Lenten Post for March 31, 2023

Claudio Carvalhaes, today’s Good Courage writer, shared a dramatic, and emotion-laden story of finding a frail and tiny bird while he was out for a walk. He brought the bird home. First he looked for a place to take it, to hand it off to those who could care for it. Then he Googled to learn what he could do. He fed and tended the bird for hours.

The poor little bird died.

Of course it died. It was out of the nest before it could thrive on its own. It was away from fellow nestlings, and their bird parents. From Claudio’s own description, it was not well developed.

It’s a sad story, that pulls at my heart.

And, I wonder.

After 30 plus years as a pastor, many of them as a volunteer on-call hospital chaplain, and after quite literally, thousands of funerals, I have to wonder.

Claudio’s efforts to save the bird were kind of heroic. But were they for the bird, for Nature as a whole- for God’s Creation that needs and deserves our stewardship and love- or were these efforts, in a way, for Claudio?

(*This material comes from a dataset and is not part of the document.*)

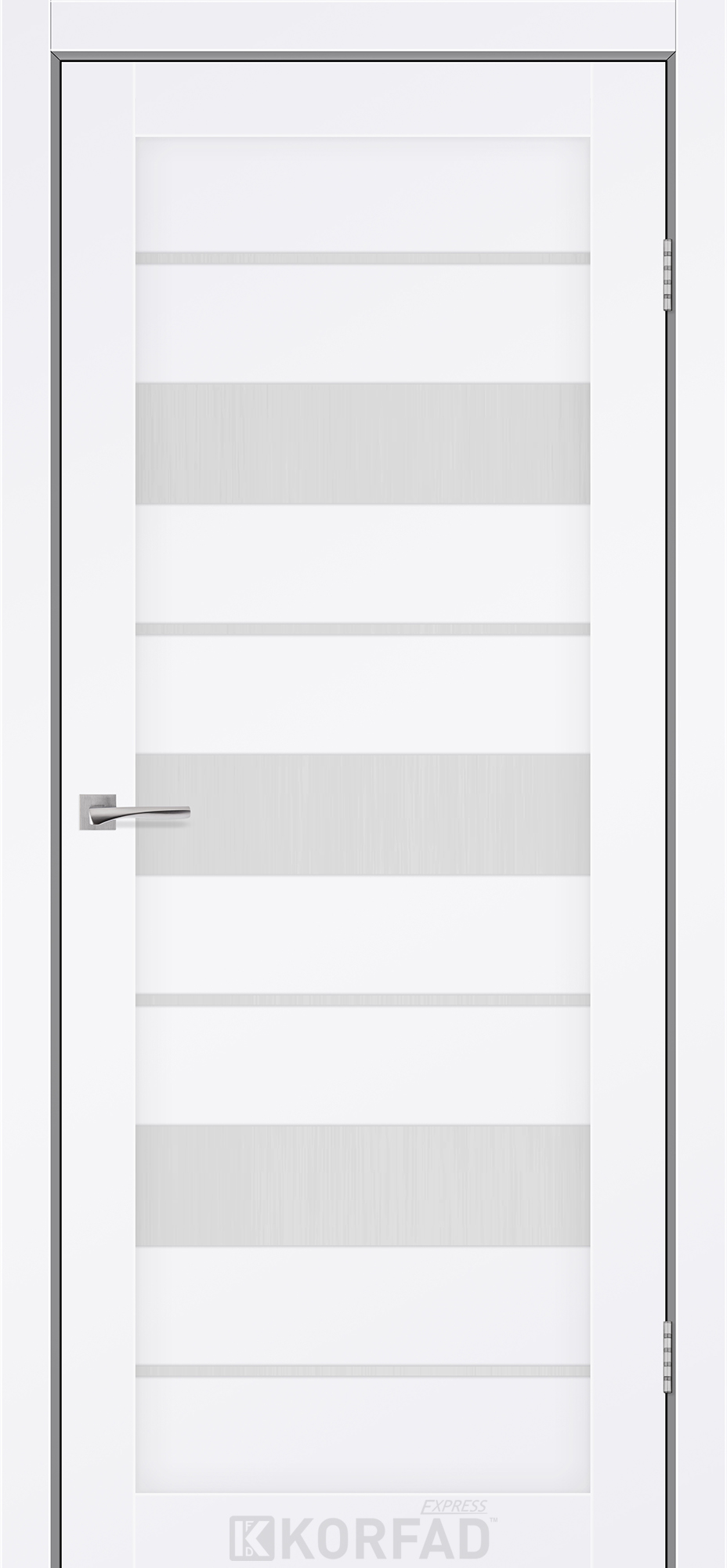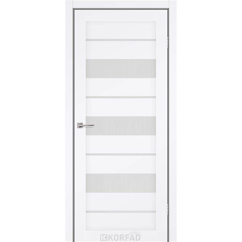 Межкомнатные двери KORFAD EXPRESS CORRIS Белый Мат Стекло Сатин, современные царговые двери, сочетающие в себе надежность натурального дерева и инновационные покрытия.

I’ve been with family members who were not ready to say yes to death.

I’ve also been with family members who prayed mightily that God would take their loved one, and relieve the suffering.

Often, they are seeking the relief of their own suffering, at seeing their loved one in pain, as well as end to their loved one’s distress.

I can understand those prayers.

I would not suggest that Claudio act any differently. But I wonder if there might have been a different way to approach the care he offered.

What if he’d thought of his work as palliative, rather than “life-saving”?

Would that have better served the deep needs of the little bird, of God’s Creation, and Claudio?